The idea for Rub & Stub came from Denmark's freegan community, people who eat discarded but edible food. There's a tendency in the developed world to buy only the freshest, most beautiful produce in the supermarket, which forces vendors to throw away food that might not look flawless but still safe to eat. As much as 20 percent of all foodstuffs sold by retailers is discarded for purely aesthetic reasons (misshapen bananas, tomatoes not completely red, lumpy potatoes, imperfect apples, Christmas food after the holidays).
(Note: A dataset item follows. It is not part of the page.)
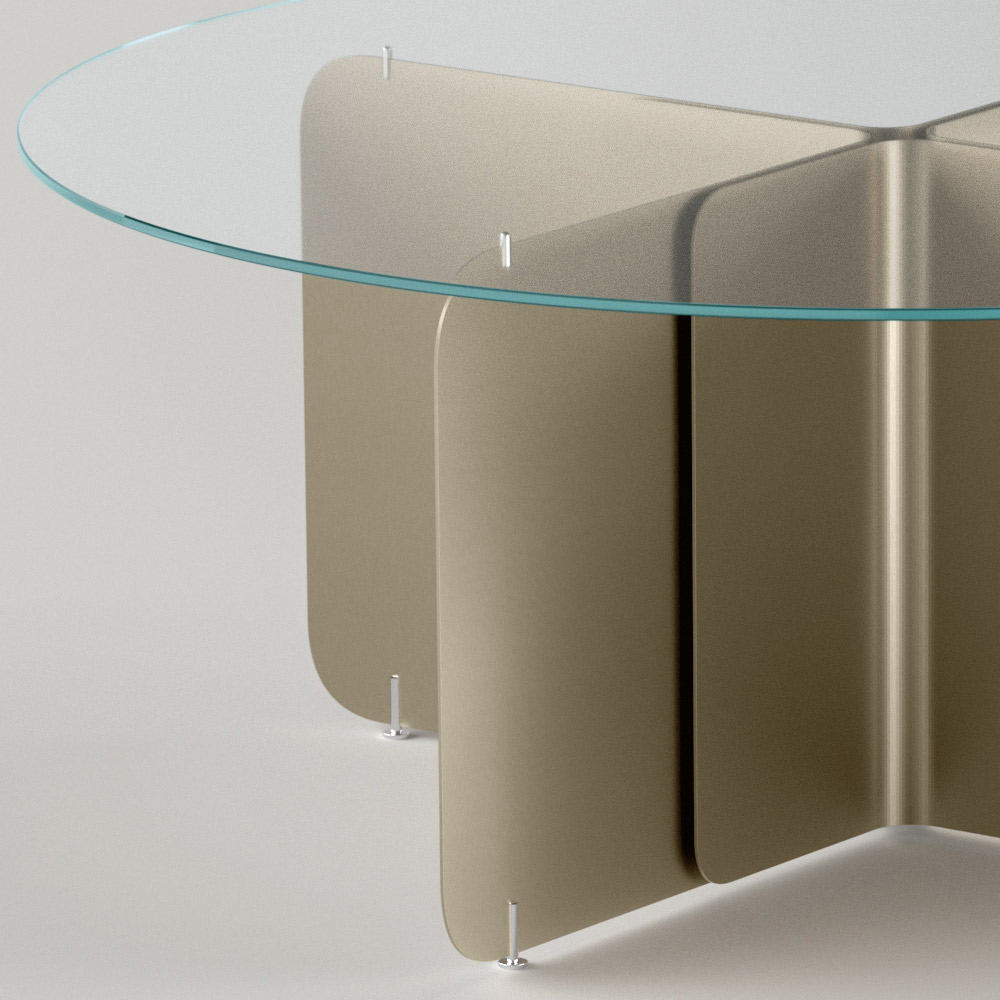 Dieser Tisch ist eine bezaubernde Mischung aus minimalistischer Eleganz und moderner Funktionalität , perfekt für alle, die ein unverwechselbares und dennoch diskretes Möbelstück suchen. Die transparente Glasoberfläche bietet einen vollständigen Blick auf die darunter liegenden Strukturen und bringt die geometrischen Basen in Champagnertönen zur Geltung.

The creators of Rub & Stub thought that they could use the so-called 'waste food' for their restaurant, and so far it's been successful. The menu at Rub & Stub is planned on a day-by-day basis according to what surplus food has been donated that day. This non-profit restaurant has about 100 volunteers, and the restaurant's proceeds go to humanitarian development projects throughout the world. 

Monday, November 3, 2014

"Wir Wollen Spielen" Berlin Goes After the Olympics


Let's face it, hosting the Olympics Games is a big money loser. Just ask people in Atlanta, Barcelona, London, Vancouver, Montreal, or Athens. So when Berlin announced last summer its intention to seek the Olympic Games, Berliners were a little surprised, if not outraged. You see, Berlin is so cash-strapped that it's had cut city services, reduced education funding, and eliminate a number of major infrastructure projects just to keep afloat.

Public opinion polls are unanimous, a majority of Berliners don't want the Games. Berliners know the Olympics is all about prestige and has little to do with economics. In fact, the only real winners in the Olympic Games extravaganza are the real estate developers and city insiders.

Yet, that hasn't stopped city officials from going forward with its bid to host the Games. Today, Berlin unveiled its Pro-Olympic advertising campaign. With a motto, "Wir Wollen Spielen (We Want to Play)," Berlin hopes to convince the Olympic selection committee that it's the best choice to host the 2024 Summer Games. Good luck to them, and bad luck to Berlin if it's awarded the Games.